According to the GenomicFeatures annotation and this post it was a conscious decision to not include gene_name in the TxDb objects from the GenomicFeatures package.
Is the decision of not including gene names something that could be brought up again?
I think we can all agree that in the end the majority of end users would like gene names associated with their analysis as these ids are what supply the link to biological knowledge for most people. This - along with the fact that one of the main advantages of Bioconductor is to make data integration easy and seamless - the decision to omit gene names seems a bit out of character?
Apart from this, I also think it is a bit of a shame given the recent push towards us automating away many of the low level data handling hurdles associated with bioinformatics via packages such as tximeta.

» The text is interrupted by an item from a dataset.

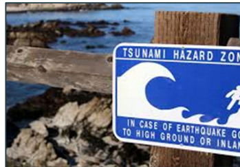
TSUNAMI ADVISORY JULY

Lastly it does seem like the ensembledb package TxDB object contains gene_names so adding them to the regular TxDb would further streamline BioC.
Looking forward to hear your thoughts.
Cheers
Kristoffer
I do now about this aporach (and it is also mentioned in the post I link to above). Unfortunately this will not generalize as 1) org.db does not exist for all species and 2) it require user input which is what I (and others) would like to automate away. 3) you might often run into problems with different transcriptome assembly versions (e.g. new genes in less well studied species).
Lastly it seems strange to not import gene_names from e.g. GTF files since the information is there (and actually are imported but not used).
I strongly support the request by @kvittingseerup. I'm working a lot with non-model organisms where OrgDB's are not available, including the gene names would make my life much easier.